Translate

venerdì 11 aprile 2014

MITJET ANCHE IN ITALIA

(11/4/2014) – Se ne è cominciato a parlare a Vallelunga, in occasione del recente Roma Festival of Speed, quando la Mitjet è stata presentata ad un pubblico di addetti ai lavori e a migliaia di appassionati. In Italia arrivano grazie alla Motorquality S.p.A., in qualità di importatore ufficiale, e alla AS Sport Service, nel ruolo di organizzatore. Di cosa si tratta?
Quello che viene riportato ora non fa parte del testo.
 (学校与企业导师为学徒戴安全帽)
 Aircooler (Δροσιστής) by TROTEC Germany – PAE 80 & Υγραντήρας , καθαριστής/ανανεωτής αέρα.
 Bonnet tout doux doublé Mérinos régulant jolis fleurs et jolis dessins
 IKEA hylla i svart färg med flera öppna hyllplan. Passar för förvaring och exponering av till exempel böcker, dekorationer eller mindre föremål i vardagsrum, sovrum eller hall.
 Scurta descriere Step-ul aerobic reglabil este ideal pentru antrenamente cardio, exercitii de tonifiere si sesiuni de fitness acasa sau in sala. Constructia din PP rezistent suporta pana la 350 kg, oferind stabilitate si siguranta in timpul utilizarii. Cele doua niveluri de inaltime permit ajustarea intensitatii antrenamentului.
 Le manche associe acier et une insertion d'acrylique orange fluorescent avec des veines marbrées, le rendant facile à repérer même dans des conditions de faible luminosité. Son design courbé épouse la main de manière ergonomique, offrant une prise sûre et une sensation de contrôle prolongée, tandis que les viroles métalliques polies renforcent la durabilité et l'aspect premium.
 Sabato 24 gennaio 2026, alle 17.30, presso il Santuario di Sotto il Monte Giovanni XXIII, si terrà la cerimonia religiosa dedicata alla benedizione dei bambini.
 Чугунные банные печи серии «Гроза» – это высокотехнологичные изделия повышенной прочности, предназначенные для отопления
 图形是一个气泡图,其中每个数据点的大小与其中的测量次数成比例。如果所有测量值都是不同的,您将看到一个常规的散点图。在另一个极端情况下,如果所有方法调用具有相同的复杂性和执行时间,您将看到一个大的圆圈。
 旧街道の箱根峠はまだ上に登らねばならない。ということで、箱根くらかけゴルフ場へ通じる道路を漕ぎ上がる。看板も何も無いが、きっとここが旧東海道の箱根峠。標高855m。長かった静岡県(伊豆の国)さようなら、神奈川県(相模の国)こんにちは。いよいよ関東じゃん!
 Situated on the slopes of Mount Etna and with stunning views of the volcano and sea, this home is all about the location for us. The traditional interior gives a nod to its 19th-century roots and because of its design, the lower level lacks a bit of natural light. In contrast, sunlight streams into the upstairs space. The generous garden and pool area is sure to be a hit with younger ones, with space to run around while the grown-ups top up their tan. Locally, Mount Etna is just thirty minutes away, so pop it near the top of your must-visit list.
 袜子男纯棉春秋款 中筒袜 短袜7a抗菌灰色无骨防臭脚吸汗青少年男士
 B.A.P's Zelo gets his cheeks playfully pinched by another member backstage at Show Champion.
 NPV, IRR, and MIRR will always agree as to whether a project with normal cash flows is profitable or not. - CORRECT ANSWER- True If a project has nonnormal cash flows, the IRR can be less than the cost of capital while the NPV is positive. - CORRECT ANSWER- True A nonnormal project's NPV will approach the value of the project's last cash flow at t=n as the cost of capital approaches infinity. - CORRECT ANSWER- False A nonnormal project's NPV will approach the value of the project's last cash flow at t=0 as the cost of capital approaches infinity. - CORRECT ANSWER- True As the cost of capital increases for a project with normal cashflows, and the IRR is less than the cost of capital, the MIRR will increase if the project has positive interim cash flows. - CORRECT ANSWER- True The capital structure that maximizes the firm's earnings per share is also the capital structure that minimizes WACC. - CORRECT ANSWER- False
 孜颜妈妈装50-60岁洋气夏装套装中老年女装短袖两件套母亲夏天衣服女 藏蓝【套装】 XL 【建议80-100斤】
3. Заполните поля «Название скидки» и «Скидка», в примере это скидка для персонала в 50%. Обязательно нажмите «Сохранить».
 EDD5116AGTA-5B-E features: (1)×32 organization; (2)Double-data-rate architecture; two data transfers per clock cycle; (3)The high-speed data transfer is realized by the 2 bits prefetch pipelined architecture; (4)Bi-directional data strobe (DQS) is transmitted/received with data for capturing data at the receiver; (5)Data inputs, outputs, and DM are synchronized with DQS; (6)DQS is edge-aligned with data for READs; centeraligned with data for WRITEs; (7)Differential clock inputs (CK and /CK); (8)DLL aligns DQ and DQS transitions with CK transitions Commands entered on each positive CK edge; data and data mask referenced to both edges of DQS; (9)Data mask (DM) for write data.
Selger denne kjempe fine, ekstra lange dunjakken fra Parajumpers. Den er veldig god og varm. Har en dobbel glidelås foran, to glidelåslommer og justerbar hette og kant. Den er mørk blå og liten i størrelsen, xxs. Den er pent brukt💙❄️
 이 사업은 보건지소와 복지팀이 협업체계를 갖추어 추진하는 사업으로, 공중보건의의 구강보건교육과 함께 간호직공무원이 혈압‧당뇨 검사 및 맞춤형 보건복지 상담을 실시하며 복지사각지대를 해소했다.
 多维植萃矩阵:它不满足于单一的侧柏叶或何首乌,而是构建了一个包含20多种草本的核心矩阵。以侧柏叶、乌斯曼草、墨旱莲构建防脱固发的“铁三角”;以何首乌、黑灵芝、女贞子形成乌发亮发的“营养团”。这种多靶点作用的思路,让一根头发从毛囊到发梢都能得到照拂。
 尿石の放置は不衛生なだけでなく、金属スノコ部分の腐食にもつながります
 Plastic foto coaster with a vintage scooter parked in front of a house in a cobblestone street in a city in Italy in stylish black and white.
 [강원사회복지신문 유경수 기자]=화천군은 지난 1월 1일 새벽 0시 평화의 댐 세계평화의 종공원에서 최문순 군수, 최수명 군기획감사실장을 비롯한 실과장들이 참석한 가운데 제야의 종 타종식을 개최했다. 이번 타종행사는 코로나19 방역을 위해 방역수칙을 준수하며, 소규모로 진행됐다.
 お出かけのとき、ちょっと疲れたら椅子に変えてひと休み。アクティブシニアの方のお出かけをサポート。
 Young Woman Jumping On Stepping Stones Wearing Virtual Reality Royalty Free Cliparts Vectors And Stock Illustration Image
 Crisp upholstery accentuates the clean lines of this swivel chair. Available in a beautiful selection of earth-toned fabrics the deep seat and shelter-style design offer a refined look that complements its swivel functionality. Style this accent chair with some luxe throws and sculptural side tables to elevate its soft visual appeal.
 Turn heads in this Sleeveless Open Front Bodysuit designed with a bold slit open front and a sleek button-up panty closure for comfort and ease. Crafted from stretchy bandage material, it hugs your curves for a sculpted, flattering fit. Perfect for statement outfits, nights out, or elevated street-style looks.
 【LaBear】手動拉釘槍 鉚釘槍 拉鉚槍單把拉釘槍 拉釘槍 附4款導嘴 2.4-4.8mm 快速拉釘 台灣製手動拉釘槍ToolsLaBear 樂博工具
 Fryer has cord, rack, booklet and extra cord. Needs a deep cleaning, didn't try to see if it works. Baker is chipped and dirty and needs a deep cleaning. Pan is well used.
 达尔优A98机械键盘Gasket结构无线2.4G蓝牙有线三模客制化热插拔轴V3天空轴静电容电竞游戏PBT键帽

E’ una nuova categoria automobilistica, già in grande spolvero in Francia, Spagna e Russia, basata su un pacchetto tecnico “di assoluto interesse e un imbattibile rapporto costi/prestazioni” – illustrano i referenti tricolori – ma “la caratteristica più importante della Mitjet, come auto da corsa, è quella di mettere al centro il piacere assoluto di guida grazie ad un grande equilibrio dinamico e sincerità nei comportamenti”.  Ma come sono fatte le silhouette francesi? La Mitjet nasce nei reparti R&D della Tork Engineering reparto Racing della multinazionale francese Poclain Hydraulics leader nelle trasmissioni di potenza idrauliche. Trai tanti progetti realizzati nel corso degli ultimi decenni troviamo La Mini e la Dacia Duster della Pikes Peak, le Mégane Trophy, gran parte delle auto del Trophée Andros (Francia) ed ancora i telai WRC della 206 e della 307. La Tork è anche specializzata nella realizzazione di prototipi per le case automobilistiche come....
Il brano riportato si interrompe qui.